Management strategies of Opsoclonus Myoclonus Ataxia Syndrome over the years: new consensus guidelines.
Ming Lim
Opsoclonus-myoclonus-ataxia syndrome (OMAS) can leave children with significant neurological and long-term cognitive impairment. Although the evidence base for treatment recommendations is limited, emergent data suggests that earlier and more optimal escalation favors better outcomes in a range of neuroinflammatory conditions. Within this construct, 2 approaches will be discussed. The first is an up-front approach often termed the “aggressive” approach using multiple agents, typically adrenocorticotropic hormone (ACTH) or corticosteroids, plasmapheresis, IV immunoglobulin, and rituximab or cyclophosphamide. A second is a stepwise approach starting with pulse oral dexamethasone (20 mg/m2/d for 3 consecutive days monthly) and escalating to rituximab or cyclophosphamide for patients who do not respond adequately.

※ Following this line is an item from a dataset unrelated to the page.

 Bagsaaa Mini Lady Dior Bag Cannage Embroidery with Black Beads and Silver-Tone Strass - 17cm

A recent international consensus proposing how both these approaches could be integrated would be discussed; alongside exploring management strategies for chronic relapsing children and when pragmatic (sometimes empirical) strategies may be employed to manage the child with chronic symptoms.

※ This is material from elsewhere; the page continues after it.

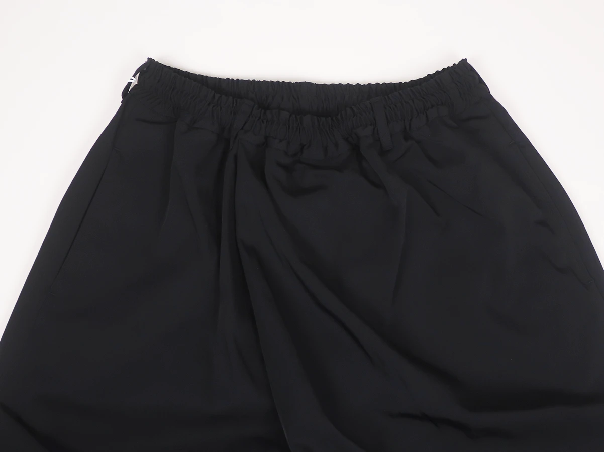 ナイロン×ウールで作成したツイル生地を使用した独特の鈍い光沢のある表情とドレープ、膨らみを持つイージートラウザーです。

Long-term Neurological outcome in Opsoclonus Myoclonus Ataxia Syndrome
Anaita Hegde
Opsoclonus Myoclonus Ataxia Syndrome is a rare neuroimmunological disorder with a strong association with neuroblastoma. Neurodevelopmental sequelae are relatively frequent in these children. Neuropsychological deficits were considered significant, in more than 60% of the children in the past with impairments most frequently noted in speech and language. Also noted were deficits in cognitive scores, phonology, attention, and memory. Behavioral problems such as obsessive-compulsive, rage, and oppositional defiant were noted in a high percentage.
With a better understanding of the immunology of the condition over the last decade, and thus improved aggressive, combination treatment protocols, we need to review the immediate and long-term neurological outcomes for these children. In spite of the newer more aggressive treatment, most still show at least some neuropsychological deficits.
In this session, we will define the long-term neuropsychological outcomes of OMAS over the years. Identifying those risk factors such as neuroblastoma, time to treatment, and treatment protocols, MRI changes of cerebellar atrophy associated with varying degrees of neurological deficits. Try to understand those areas of cognition most affected. With this knowledge, we can focus on early diagnosis, and treatment protocols with improved outcomes. Early intervention in the areas of concern, may lead to an improved long-term outcome.